Côté sceptiques, il existe deux façons d'utiliser ce phénomène comme argument :
1- La plus basique peut se formuler ainsi : " l'astrologie c'est des foutaises, car les signes ne correspondent pas aux constellations, à cause de l'ignorance des anciens astrologues de la précession des équinoxes ".
2- La seconde approche est plus subtile. On peut la trouver dans un article souvent cité de François Biraud & Philippe Zarka, Sur l'Astrologie, réflexions de deux astronomes. Pour eux, le décalage entre signes et constellations, en soi, n'est pas un très bon argument, car les astrologues utilisent consciemment le zodiaque comme un outil totalement abstrait. Cependant nos deux astronomes pensent que la précession des équinoxes a pour effet de rendre incohérentes les interprétations astrologiques. Sous cette seconde forme, l'argument consiste à dire : d'accord, la précession des équinoxes n'est peut-être pas un problème, mais le fait que l'interprétation soit basée sur la symbolique des constellations alors que les constellations ne coïncident plus avec les signes, est un problème.
Mon hypothèse est que les deux approches sont mauvaises, et que l'argument de la précession des équinoxes est nul quel que soit la façon dont on le présente. Mes raisons sont les suivantes :
- Les astrologues antiques connaissaient la précession des équinoxes, et ont fixé le point vernal en connaissance de cause. En outre je soutiens que ce choix était le plus rationnel.

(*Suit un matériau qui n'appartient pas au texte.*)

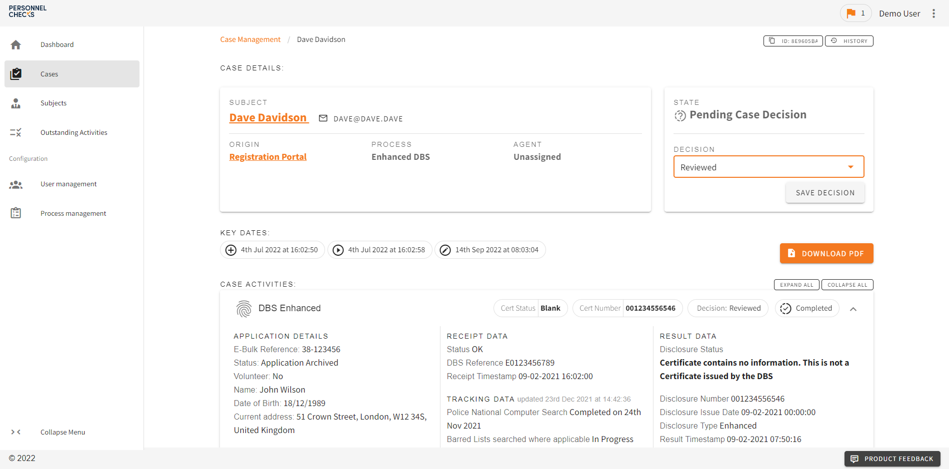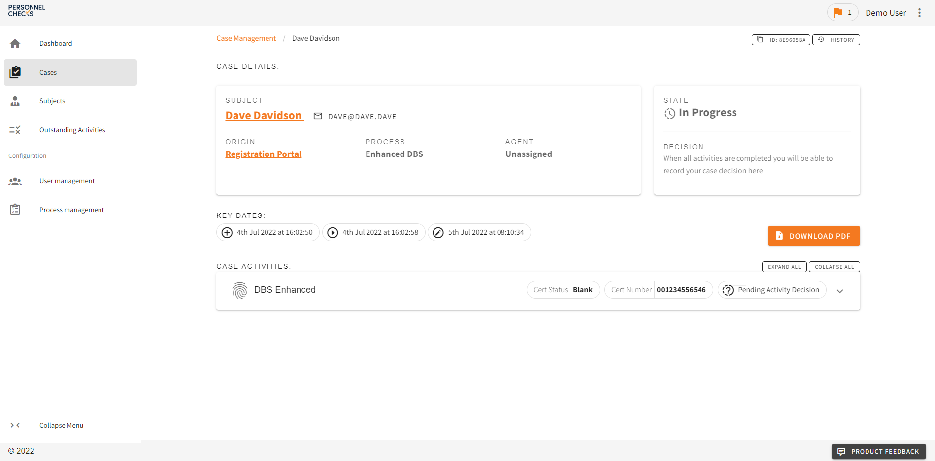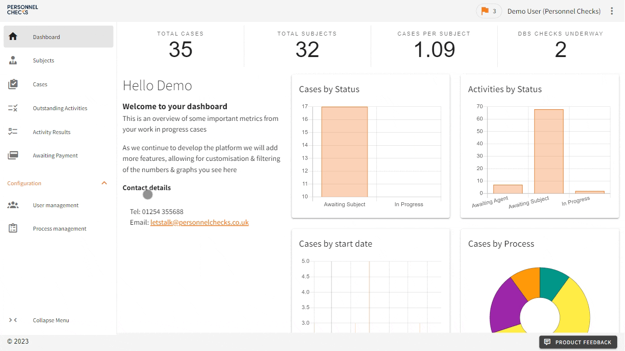 From your Cases screen, click the Add Case button in the top right corner. From here you can complete some basic details, firstly creating the subject, then selecting the process. Finally, create the case by clicking confirm. This then sends an email to the Subject.
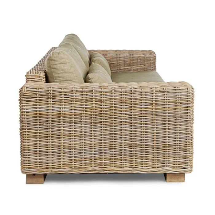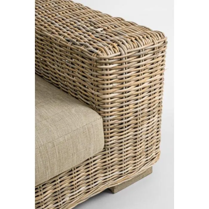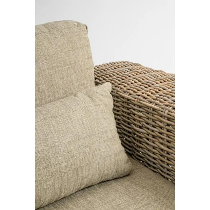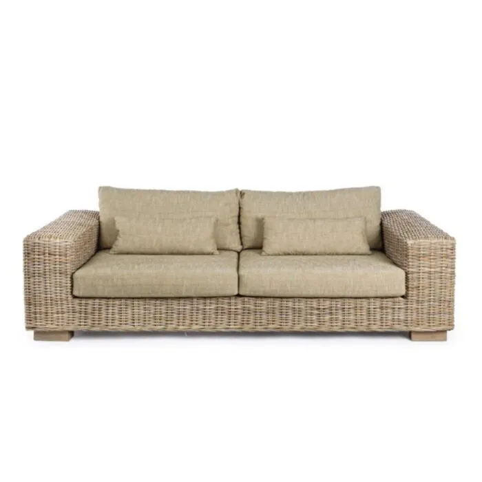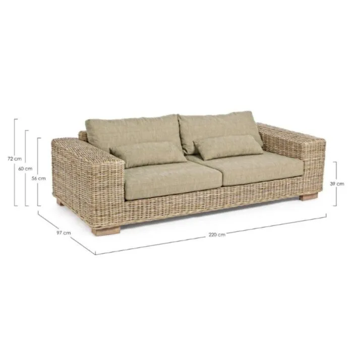 Vrtni trosed LEANDRO  je narejen iz ratana in lesenega okvirja. Blazine imajo snemljivo prevleko (55% bombaž, 45% poliester), kar omogoča lažje vzdrževanje. Trosed je primeren za notranje prostore.

- A l'origine la symbolique des signes du zodiaque est essentiellement liée aux saisons, bien plus qu'aux constellations ou à la mythologie grecque associée à ces constellations.
Je développe.
La précession des équinoxes a été découverte vers 150 B.C.E. par l'astronome Hipparque. Celui-ci, outre son activité d'astronome, semble avoir été dans la lignée d'une forme d'astro-météorologie que l'on retrouve aussi chez son prédécesseur Eudoxe (autour de 375 B.C.E.) : il prédisait le temps en fonction des positions des planètes. Mais il n'a pas été pas un astrologue au sens où le seront les astronomes grecs des siècles suivants, qui créeront toute la tradition astrologique occidentale sur des bases essentiellement babyloniennes. Hipparque a visiblement été en contact avec les connaissances mésopotamiennes, il a introduit dans l'astronomie grecque beaucoup de rapports d'observations babyloniens, mais rien ne nous permet de penser qu'il fut astrologue. Sa découverte ne sera donc pas intégrée immédiatement à l'astrologie - ce qui n'était d'ailleurs pas nécessaire, puisque à cette époque signes et constellations coïncidaient.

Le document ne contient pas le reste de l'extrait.